Solved: Re: Data transpose and rearrange the columns/values

Bintang18 · Posted 08-16-2019 12:11 PM

Hello,

My data set :

studentid test_missed districtcode reason_not_tested

2 English 56 22

2 Algebra 56 22

2 History 56 22

2 Biology 56 22

2 Writing 71 22

3 History 89 19

4 English 62 17

5 English 77 20

5 Biology 77 20

5 Algebra 79 20

6 Writing 80 22

I transposed the data so each student only has 1 row. I have many more variables, but only 3 vars need to be transposed. I used the method presented in Paper 2785-2015 "Transpose Dataset by MERGE" by Shan, Kastin, Tabachneck, which is a 'life saver' for me. I was able to transpose but I just could not rearrange the test_missed (number).

data snt19;
set snt19;
by studentid ;
if first.studentid then n=0;
n+1;
run;

proc sql noprint ;
select distinct catt ('snt19 (where=(n=',left(put(n,8.)),
') rename= (districtcode=districtcode',left(put(n,8.)),
' reason_not_tested=reason_not_tested',left(put(n,8.)),
' test_missed=test_missed',left(put(n,8.)),

'))')
into :mer separated by ' '
from snt19 ;
quit;

data want;
merge &mer ;
by studentid ;
drop n;

run;

id districtcode1 reason_not_tested1 test_missed1 districtcode2 reason_not_tested2 test_missed2 districtcode3 ..... test_3

2 56 22 English 56 22 Algebra 56 History

5 77 20 English 77 20 Biology 79 Algebra

and so on.

what I need is something like this:

id test_missed1 test_missed2 test_missed3 test_missed4 test_missed5

2 Algebra English Biology History Writing

3 History

4 English

5 Algebra English Biology

6 Writing

I hope this makes sense.
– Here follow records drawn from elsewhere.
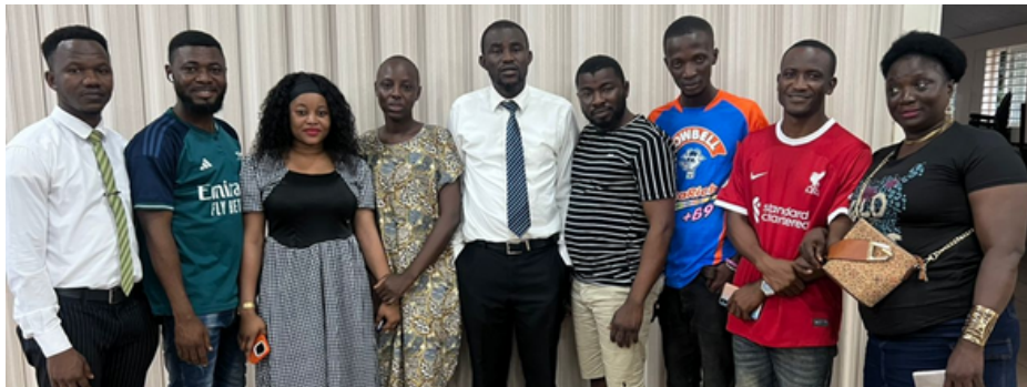
Cross Session of the JRCLS Sierra Leone Chapter

Also see visit to the Chief Justice to foster a meaningful relationship and possibly help with a particular issue we can identify and work on together as part of a collaborative effort to support in strengthening the Sierra Leone legal system.
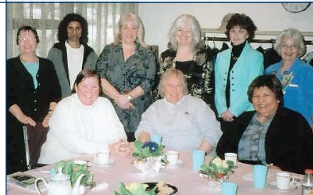
Members at the Vancouver, BC meeting
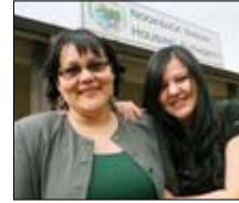
The Nooksack Tribe's Housing Authority is working to help tribal members become homeowners. New single family homes are currently under construction at the Rutsatz site.
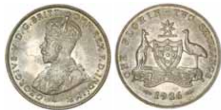
563* George V, 1926. Small graze on portrait otherwise full original mint bloom, uncirculated and rare in this condition. $2,500
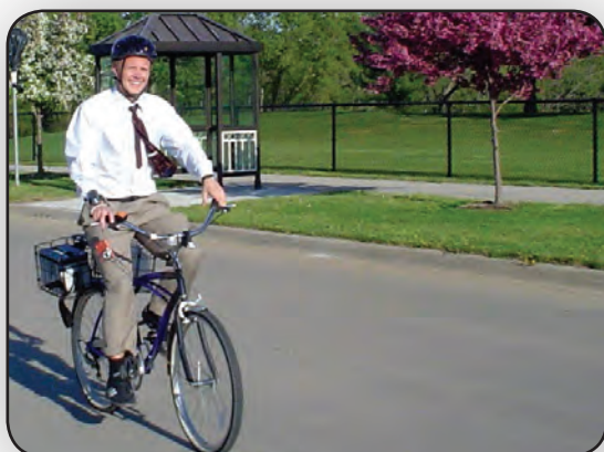
Iowa City bicyclist rides to work during Bike to Work Week.

Shop By Bike programs have been widely successful. Participants are encouraged to use their bicycles for shopping. If they make purchases at participating stores, they are given a card with a punch or stamp that documents the purchase. When the card is full, they can be turned in for prizes like community gift certificates. This type of program is very measurable and there may be grant funding to initiate.

Thanks all.

BScholtz

Tom · Posted 08-16-2019 03:41 PM

Does not look like you want alphabetical order because you have English before Biology.

You will need to create a new variable you can use to sort.

Do you have the order already in a dataset?

If the list is known you might want to make a format (or perhaps an INformat).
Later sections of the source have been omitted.